In 1801, while the Louvre was known as the Central Museum of Arts, Aurora and Cephalus was one of thirty works it selected to decorate the Château de Lunéville for the signing of the Treaty of Lunéville between France and Austria. At the request of the Meurthe département the Boucher and twelve other paintings were permanently placed in the museum at Nancy even before the passing of the décret Chaptal on 1 September 1801, seen as the foundation date for France's regional museums.

Display history

Nancy
Art français au temps de Stanislas, June–September 1955
De l'an II au sacre de Napoléon. Le premier musée de Nancy, 23 November 2001 – 4 March 2002

Elsewhere
 Trois siècles de peinture française. XVIe – XVIIIe. Geneva, Musée Rath, 1 July – 16 October 1949
La femme dans l'art français.
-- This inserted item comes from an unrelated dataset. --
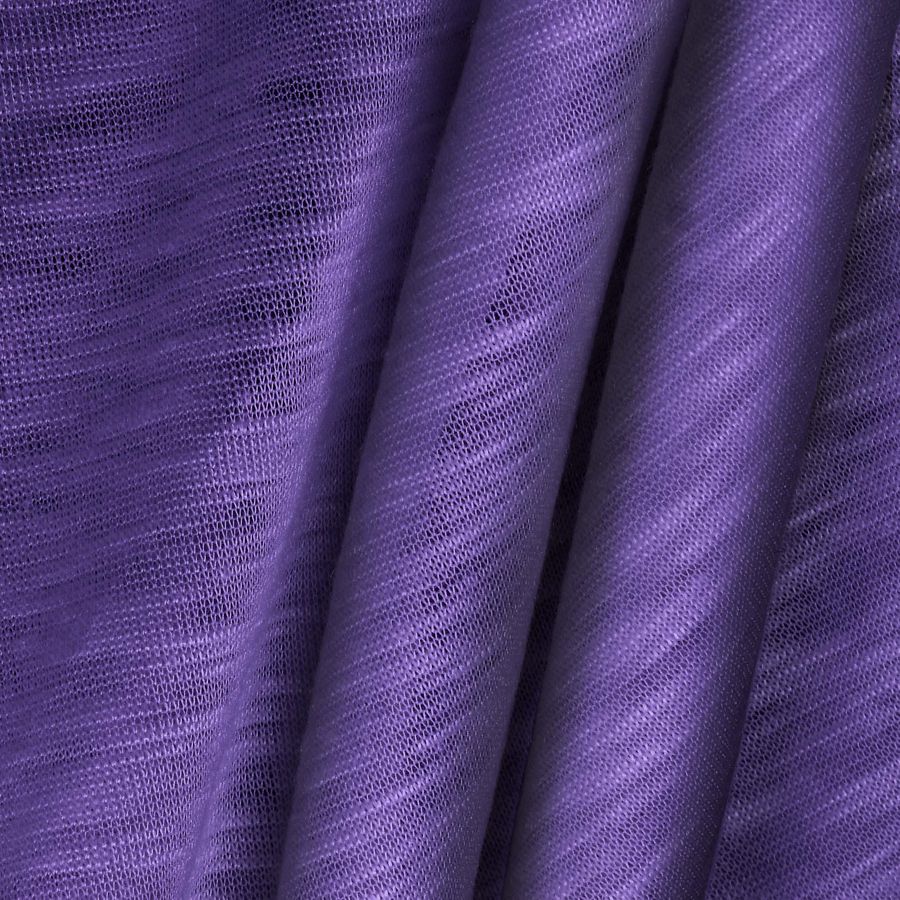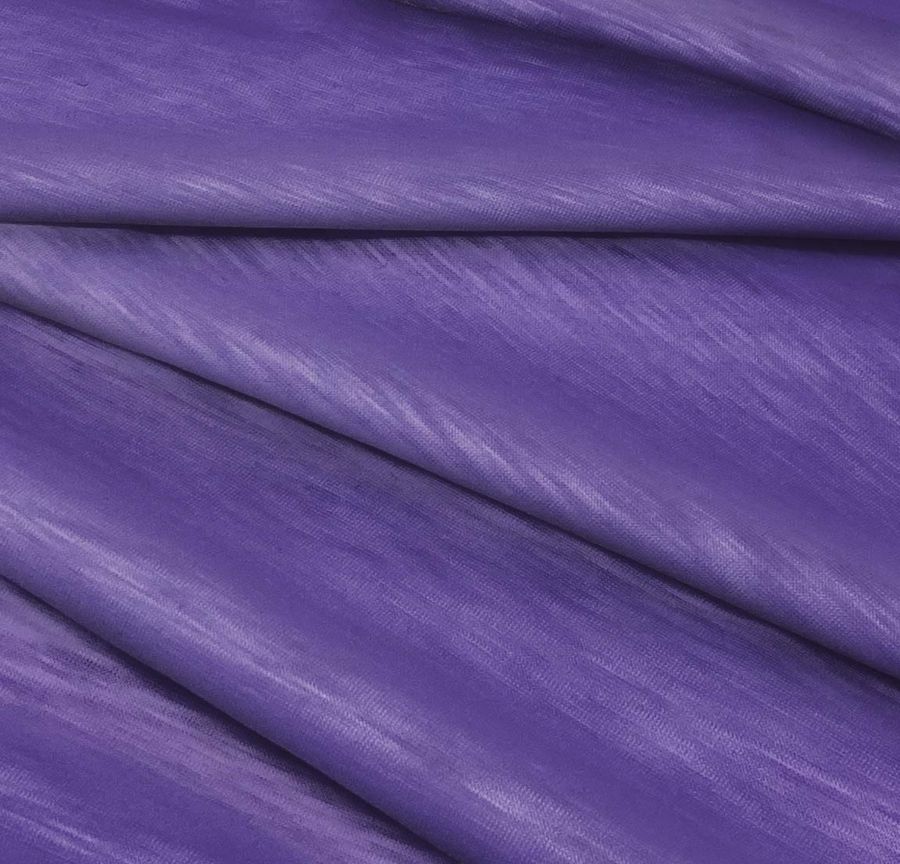 La tela base es Punto Camiseta Jaspeado - Dubái, de composición 100% POLIÉSTER, con un gramaje de 135 gr/m2 y un ancho de 160 cm. El color liso impreso es Morado, en un tono Violeta Cristal, que se compone de la siguiente manera: Tinta Cyan 75, Tinta Magenta 77, Tinta Yellow 14 y Tinta Black 2, correspondiendo a un CMYK de 75 77 14 2. Además de este color principal, se pueden apreciar sutiles tonalidades jaspeadas, propias de la tecnología de sublimación empleada en la impresión de la tela.

Bruxelles, Palais des Beaux-Arts, March–May 1953
Masterpieces of french painting through five centuries (1400–1900). New Orleans, Isaac Delgado Museum of Art, 17 October 1953 – 10 January 1954
European masters of the eighteenth century. London, Royal Academy of Arts, winter exhibition 1954–55
Chefs-d’œuvre du Musée de Nancy. Liège, Musée des Beaux-Arts, 24 December 1964 – 24 January 1965
De Watteau à David. Peintures et dessins des musées de province français. Bruxelles, Palais des Beaux-Arts, 27 September – 30 November 1975
François Boucher. 1703 – 1770. New York, The Metropolitan Museum of Art, 17 February – 4 May 1986
De Tintoret à Manet. Chefs d’œuvre du Musée des Beaux-Arts de Nancy. Japan, 1994
De Barocci a Modigliani. Le collezioni del Musée des Beaux-Arts di Nancy. Parma, Palazzo Ducale di Colorno, 1 March – 1 June 1997

See also
 Eos, a 1895 painting by Evelyn De Morgan which depicts the Greek equivalent of Aurora, Eos

References

1733 paintings
Mythological paintings by François Boucher
Paintings in the Museum of Fine Arts of Nancy
Paintings of Greek goddesses
Paintings based on Metamorphoses
Aurora (mythology)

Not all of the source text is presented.